Is it just me, or is everyone a bit underwhelmed by the prospect of May 21stfederal election? Where are the brave, ground breaking, socially challenging, progressive policies?

Last time we went to the polls, Labor brought over 200 divergent policies to the electorate, most notably proposed changes to negative gearing and Capital Gains Tax laws that would have had substantive impacts on property markets across Australia.

This time, after their surprise loss in the 2019 election, Labor has ditched this, along with a raft of other policies in favour of “not being the government”.

It is the first time since 2013 that both major parties have guaranteed support for retaining negative gearing. Some may recall that in 1985, the Hawke government ditched negative gearing. It was back again in 1987 off the back of rent increases in the major cities. Sydney rents rose a remarkable 57.2 percent, Perth rents shot up 38.2 percent and rents in Brisbane rose 32 percent during the 18-month period.

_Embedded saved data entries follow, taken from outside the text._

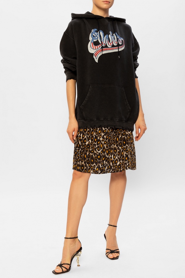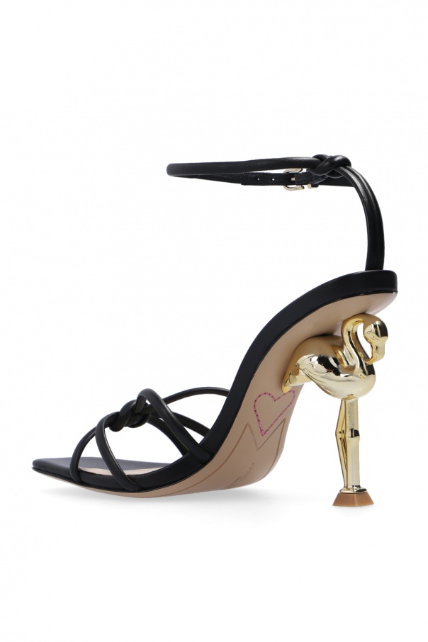 Black ‘Flo Flaming’ heeled sandals from Sophia Webster. Crafted from leather, these shoes feature a buckled ankle strap, woven element, holographic effect, decorative heel with a flamingo motif in gold-tone and a beige leather sole.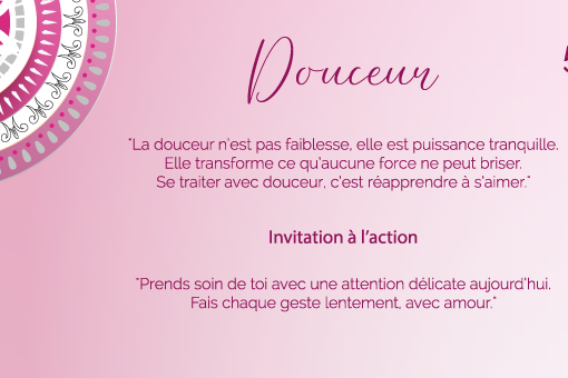 « La douceur n’est pas faiblesse, elle est puissance tranquille. Elle transforme ce qu’aucune force ne peut briser. Se traiter avec douceur, c’est réapprendre à s’aimer. »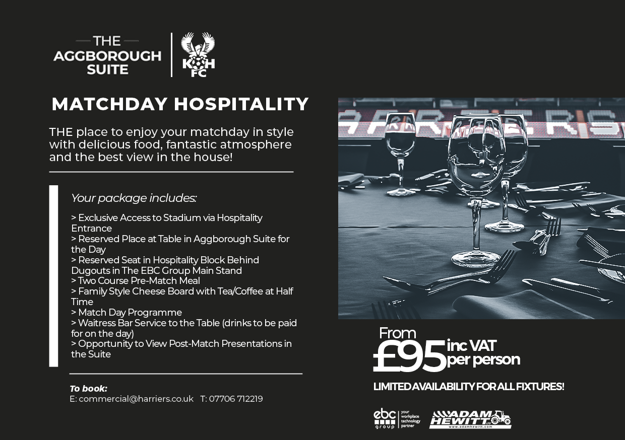 For the full range of packages including Match Sponsorships, just get in touch with us by calling 07706 712219 and speaking to Paul Biggerstaff, or e-mailing commercial@harriers.co.uk.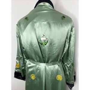 Vintage 100% Silk Kimono Robe Light Green Black XXL Embroidered Bird Floral Leaf
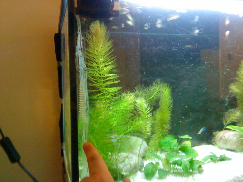 στην δικια μου περιπτωση πριν απο καθε αλλαγη νερου με μια τηλεκαρτα που βρεχω στο νερο του ενυδρειου ξινω το τζαμι ετσι το διατηρω σχετικα καθαρο.

There is a direct relationship between stable and affordable rents and negative gearing tax settings.

Disincentivising investors to buy residential homes always leads to investors looking elsewhere; the share market, superannuation, commercial property, overseas and businesses. The result is supply constraint in the residential property sector which causes rents to rise through competition from the demand side.

In 2019, the Real Estate Institute of Australia (REIA) ran a campaign that reached 10.5 million voters to highlight the risks of ditching negative gearing. This time around, vacancy rates across Australia are about 1 percent, well below the market equilibrium of 3 percent, meaning supply of rental stock is already constrained.

Changes to tax laws at this stage in the market cycle would have seriously damaged rental affordability. REIA’s latest Housing Affordability Report shows the proportion of family income needed to meet rent payments is at 23 percent, up a smidge from 22.7 percent a year earlier. Perth remains the most affordable place to rent in Australia with families paying 19.8 percent of wages for rent. Spare a thought for Tasmanians who are paying 30.1 percent of their income on rent.

27 percent of all housing stock in Australia is privately owned rental homes. 70 percent is owned or being paid off and 3 percent is social housing delivered by mostly state governments.

Protecting and encouraging more investment in the 27 percent grouping is critically important if we want to provide more affordable rental homes in Australia. Labor’s decision to ditch changes to negative gearing laws is a step in that direction.

Now we need state governments to desist in making changes to state tenancy laws that further dilutes the rights of property owners in favour of tenants. There must be a practical balance between the rights and obligations of tenants and landlords if we are to increase rental housing stock in Australia and keep rents affordable.